The third factor is a loss in material in each cycle that leads to a decay in fluorescent signal intensity, or fading, over time.
“You can send pilot signals, and you can learn the channel, and then you can undo the corruption that happened to your signal.”
Based on these three factors, the researchers built a model that describes the signal distortion as a function of the sequencing cycle, and found that they can compensate both for phasing and changes in cross-talk but not for the loss of material.
Using these results, they designed the Alta-Cyclic base caller. During a training stage, the software analyzes data from a known viral genome and compares it with the sequence. It “looks at the signal and tries to see which parameters to choose in order to get the correct answer from the intensity files,” Erlich explained. “Then it takes these parameters and uses them to call the bases from the other lanes” containing unknown samples.
In a 78-cycle run, the researchers were able to increase the number of error-free reads more than fourfold, from 600,000 using the Illumina base caller to 2.6 million using Alta-Cyclic.
But that read length is not the limit, according to Erlich. “The reason that we have 78 cycles is that we ran out of disk space,” he said, adding that he and his colleagues are now writing a program that can take image files and store them in different locations “so we can get more cycles.”
Alta-Cyclic is most effective at improving the accuracy of base calls in later cycles, or at the ends of long reads. “For very short read lengths, our method and the existing method both do equally well,” Mitra said.
Having more accurate long reads improves SNP calling and may enable the researchers to assemble complex genomes de novo. Erlich said he and his colleagues are planning to de novo sequence a plant, an animal, and a protist.
Other research groups, including scientists at the Broad Institute, have worked on methods to improve the quality of base calls for the 454 Genome Sequencer and the Illumina GA (see In Sequence 3/25/2008), but “this is a full-fledged base caller,” said Gabor Marth, an assistant professor of biology at Boston College. His group recently published an improved base caller for the 454 platform.
“This is a machine-learning approach, which is one very valid approach to base calling,” Marth said. “The results are quite encouraging,” he added, noting that “what I would have liked to see is a discussion of the accuracy of the base quality values.”
“We have to do more work on precisely quantifying the accuracy of base calls as a function of position, but we do have an estimate” based on an experiment on calling artificial SNPs that is described in the publication, according to Mitra.
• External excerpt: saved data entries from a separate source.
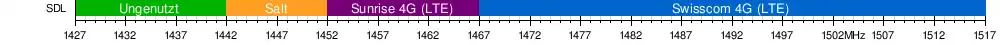 Anfang 2019 wurden im 1400-MHz-Bereich 18 Frequenzblöcke à 5 MHz als Supplemental Downlink (SDL) versteigert. Damit ein Mobiltelefon dieses Frequenzband nutzen kann, muss bereits eine Uplink-/Downlink-Verbindung in einem anderen Band bestehen. Das ungepaarte Spektrum verteilt sich auf die Netzbetreiber Salt (10 MHz), Sunrise (15 MHz) und Swisscom (50 MHz), die verbleibenden 15 MHz wurden nicht zugeteilt und bleiben vorerst ungenutzt.[5] Die ersteigerten Frequenzen befinden sich im Bereich des Band 75 und Band 76.[20] Die Nutzung dieser Frequenzen unterliegt lokalen Einschränkungen, zum Beispiel in der Nähe von Flughäfen oder des benachbarten Auslands. In einer Quelle wird Band 76 auch Band 32 genannt.[8]
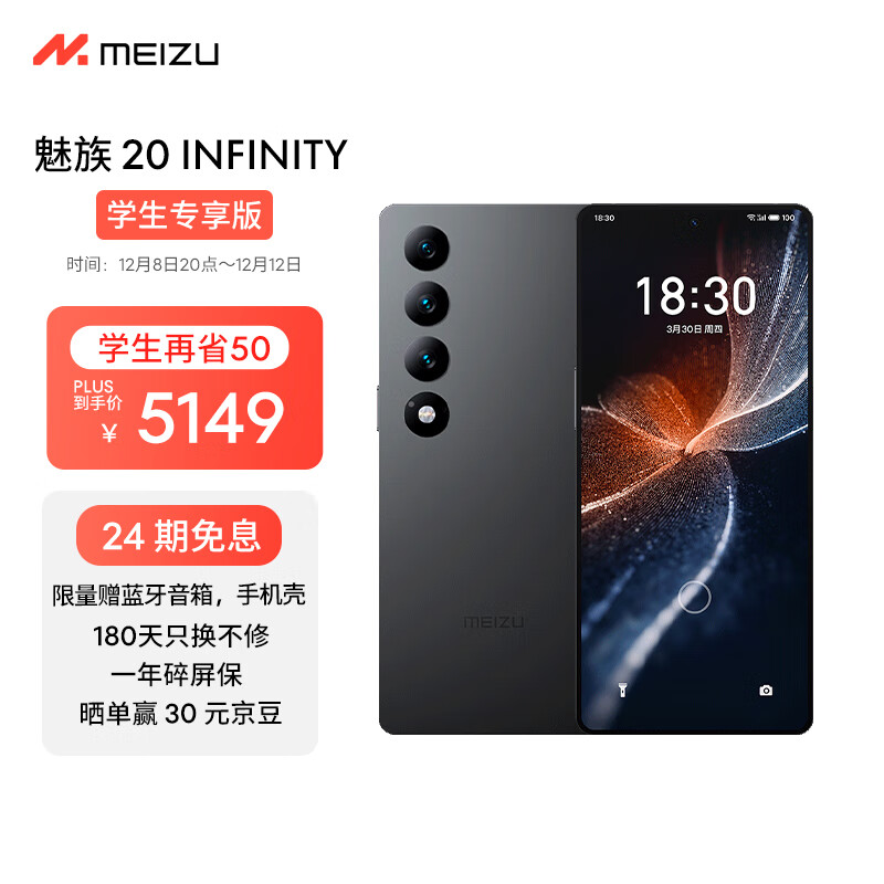 Meizu魅族 20 INFINITY 无界版 12GB+512GB 星辰黑【学生专享版】第二代骁龙8 2K+臻彩屏 5G游戏学生拍照手机价格:7299.00元!
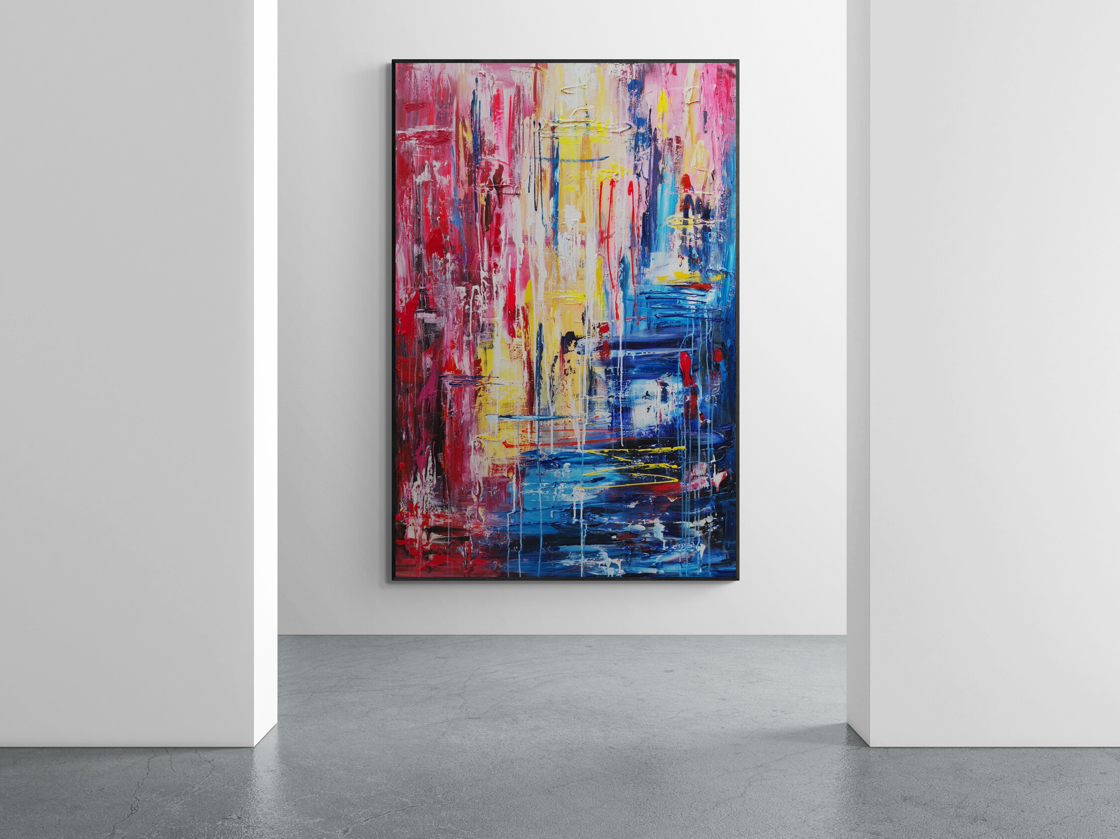 This beautiful modern piece is made with lots of layers of texture and drips of acrylic paint.
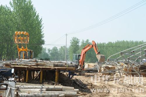 中華龍都網(wǎng)訊(周口報業(yè)全媒體記者 張勁松 通訊員 蘇千 文/圖)4月18日,東新區(qū)城管中心在該區(qū)國土局、許灣鄉(xiāng)政府的配合下,出動執(zhí)法人員120多名,執(zhí)法車輛10輛,對許灣鄉(xiāng)程寺行政村6處違法占地、違章建設進行強制拆除。
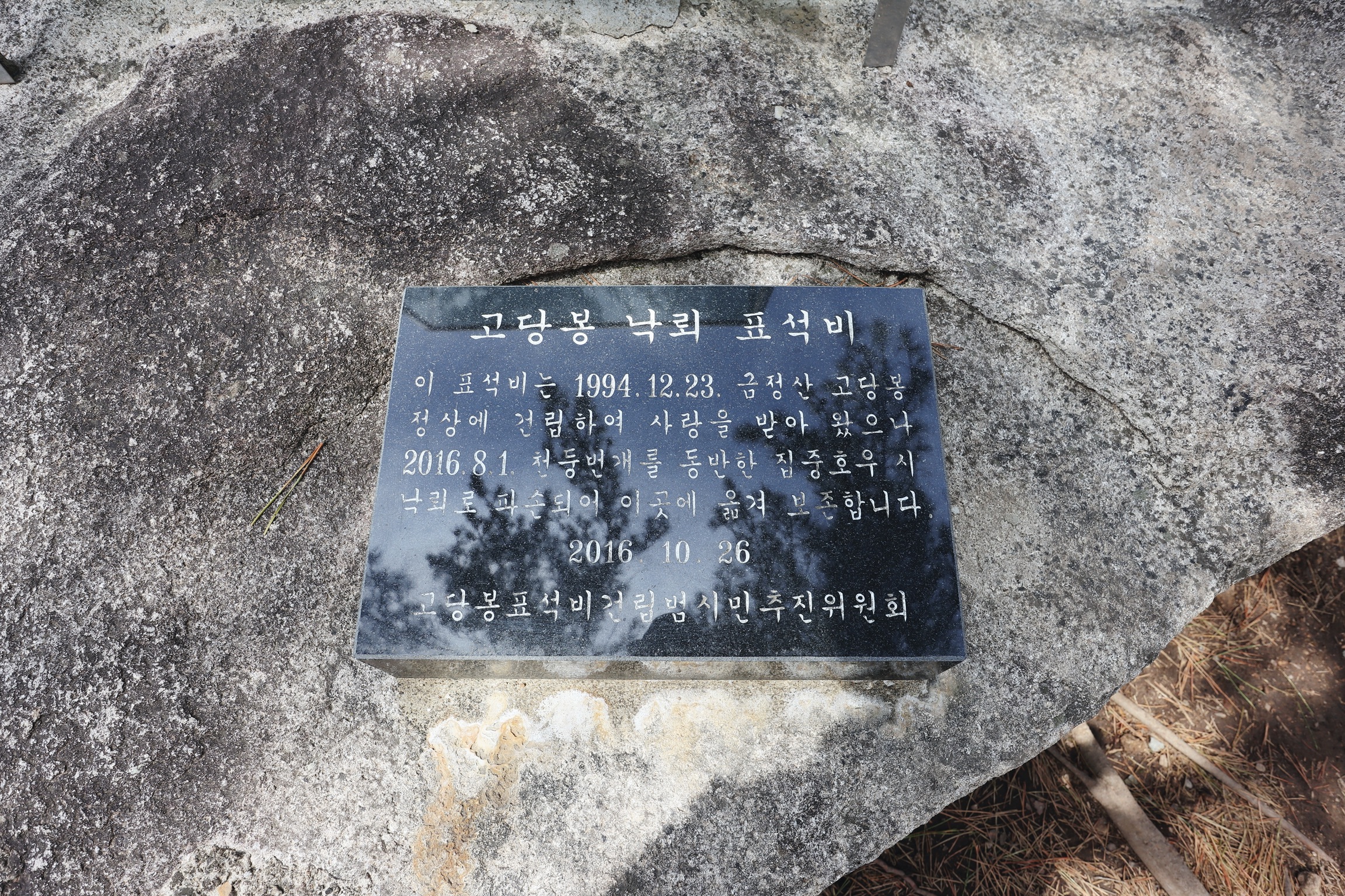 탐방센터 앞에 있는 낙뢰 맞은 옛날 정상석.

The drawback of Alta-Cyclic, according to Marth, is the need to include a reference lane for training in each run, which takes time to analyze, reduces the output of “real” data per run, and consumes reagents.
However, the researchers are already working on ways to reduce the amount of training and speed up the algorithm by collecting more data.
“The training that we are doing now is very robust, but it’s very intensive,” Erlich said, adding that it takes overnight on a large computer cluster. “Once we have more data, we can try to reduce the training operations that we are doing right now.”
Though Alta-Cyclic is optimized for the Illumina GA, “the general method of taking a known signal — a reference genome — and using it in order to subtract noise can be applied to all other sequencers,” he said.
Alta-Cyclic is freely available for academic researchers, and the developers said they are negotiating with Illumina about its commercial use.
Illumina did not respond before deadline to requests about whether it will adopt Alta-Cyclic for the GA or support the software for use with the system.